I'm still confused about people who consider telegram a private chat.

It's easy to verify for yourself that it isn't, so how is this still going around?

[–] TCB13 -5 points 2 months ago* (last edited 2 months ago) (1 children)

Telegram isn’t E2E encrypted and the telegram company can access all your messages, however, just think about the bigger picture there. How come that the E2E encrypted WhatsApp, Signal and whatnot never had their CEOs arrested for not moderating content / enabling criminal activity? Think about that.

[–] [email protected] 10 points 2 months ago (1 children)

I'm not sure what point you're trying to make here. You start by agreeing that telegram is simply not private. Then you move on to implying that it must be, because the CEO got arrested?

How does that change the fact that it is, by your own assessment, not private?

To answer your question, the answer from my perspective is quite simple. Noncompliance. If telegram had complied to local laws, like the others have and continue to do, he would not have gotten in trouble.

[–] TCB13 -5 points 2 months ago (2 children)

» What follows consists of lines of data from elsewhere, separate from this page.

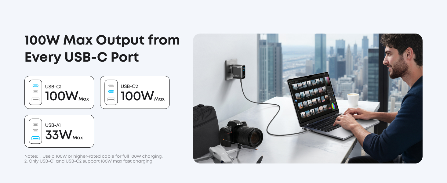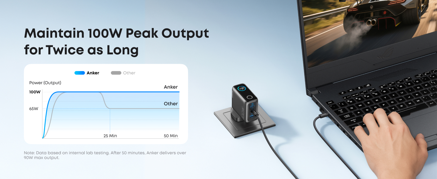 - Full-Speed 100W Max Power: Advanced GaN technology delivers a steady 100W output on any USB-C port and sustains peak performance up to twice as long compared to the average 100W charger.
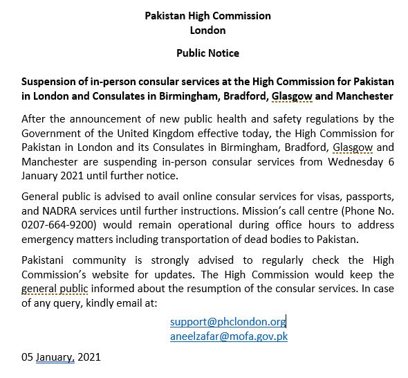 اسلام آباد(ایس ایم حسنین) لندن میں پاکستانی ہائی کمیشن اور برمنگھم، بریڈ فورڈ، گلاسگو اور مانسچٹر میں واقع قونصلیٹ میں بالمشافہ قونصلر سروسز معطل کردی گئی ہیں۔ لندن میں پاکستانی ہائی کمیشن کی طرف سے جاری تفصیلات کے مطابق مقامی حکومت کی طرف سے نئے پبلک ہیلتھ وسیفٹی ریگولیشنز کے اجرا کے بعد پاکستان ہائی کمیشن اور اس کے متعلقہ قونصلیٹ میں آج بدھ 6 جنوری 2021 سے بالمشافہ قونصلر سروسز معطل کردی گئی ہیں۔ ان کا اطلاق تاحکم ثانی ہوتا رہیگا۔ اس ضمن میں ہائی کمیشن نے ہدایت جاری کی ہیں کہ عوام الناس ویزہ، پاسپورٹ اور نادرا کی سروسز آن لائن طریقہ کار کے مطابق حاصل کرسکتے ہیں۔ اس دوران ہائی کمیشن کا رابطہ نمبر دفتری اوقات کار کے مطابق کھلا رہیگا۔ جس دوران برطانیہ میں پاکستانی کسی بھی ایمرجنسی بشمول میتوں وغیرہ کی ٹرانسپورٹیشن کیلئے رابطہ کرسکتے ہیں۔ہائی کمیشن نے کمیونٹی کو مزید معلومات کیلئے ویب سائٹ کے ذریعے معلومات تک رسائی کو یقینی بنایا ہے۔ جس سے مستقبل میں قونصلر خدمات کی بحالی کے بارے میں معلومات حاصل کی جاسکیں گی۔
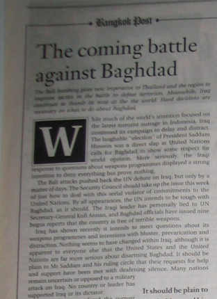Exposing the lies and the lying liars who tell them is my journalistic responsibility. Here, I want to brag about another professional achievement. I was the only journalist in Thailand to write a series of columns in the Bangkok Post opposing the then looming Iraq war and the Lying Liars pushing for it. Meanwhile, the Bangkok Post’s own editorials were cheerleaders for exactly the opposite. One editorial even heaped “kudos” on Tony Blair. Here are some examples of the Post’s editorials:
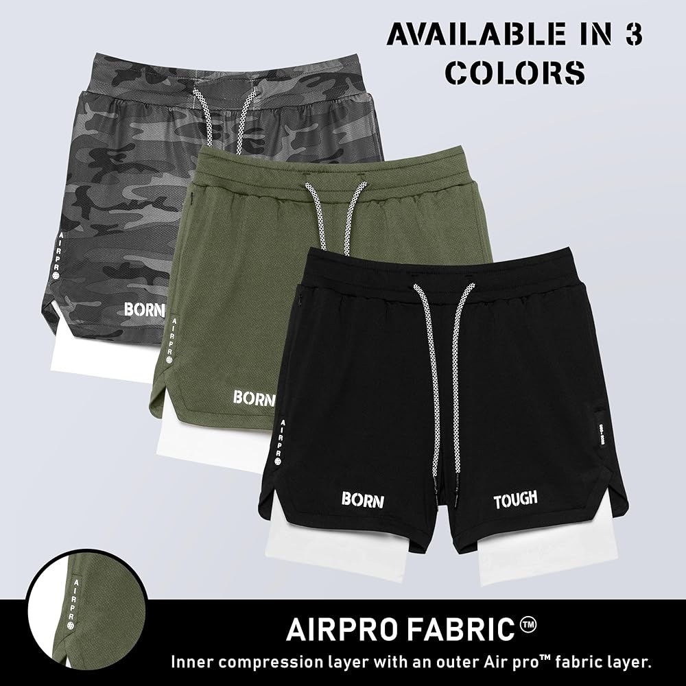 شورت تمرين الصالة الرياضية للرجال من Born Tough، شورت رياضي لكمال الأجسام بطول 5 بوصات للرجال، شورت للجري مع جيب مبطن

the answer from my perspective is quite simple. Noncompliance. If telegram had complied to local laws, like the others have and continue to do, he would not have gotten in trouble.

Exactly you're getting there. Now let me ask something, if Facebook/Apple/Signal/Matrix comply with such laws how private are they? Those companies will happily censor chats and hand records to the govt, Telegram won't.

Now you can argue that they do hand info the the govts but it is all encrypted and whatnot... do you really trust there aren't backdoors there? Or cleaver ways to get around it like what we saw with push notifications or macOS analytics?

Govts are only after Telegram because they can't infiltrate the company, ask for data etc. If Signal was really as secure and private like everyone says it is then their executives would already be in jail and whatnot for "enabling criminal activities".

[–] [email protected] 6 points 2 months ago (1 children)

Not much of this makes sense. Maybe we don't have an equal understanding of private. If thats the case, this discussion is going nowhere.

I will point out, though, that this is particularly nonsensical

Govts are only after Telegram because they can't infiltrate the company, ask for data etc.

Telegram doesn't use encryption. Everything is in clear text. Nobody needs a back door to get access. Not even governments. It's all just out in the open

[–] TCB13 1 points 2 months ago (1 children)

Telegram doesn’t use encryption. Everything is in clear text. Nobody needs a back door to get access. Not even governments. It’s all just out in the open

This isn't even true, Telegram isn't IRC. Like any modern application, uses SSL (encapsulated in MTProto) to protect connections. Govts will only have access if they manage to compromise those certificates, like your bank's website.

[–] Persen 3 points 2 months ago

Or if they copy the data from the servers, as it isn't e2e, the data is unencrypted on the server (or usually encrypted on the server with keys accesible by people working there) as far as I know.

[–] rottingleaf 2 points 2 months ago (1 children)

If Signal was really as secure and private like everyone says it is then their executives would already be in jail and whatnot for “enabling criminal activities”.

It doesn't have anything to do with what "everyone says". We don't do that with security. Well, Telegram users do, but Charles Darwin wrote about that process. Others look at what academics say or are competent enough themselves (no, you are not).

[–] TCB13 -2 points 2 months ago

Every encryption is secure until someone breaks it. Like we saw on Wifi (WPA2 and WPS) or the push notification issue it may not even be a direct attack to the cryptography of something, may be a way around it.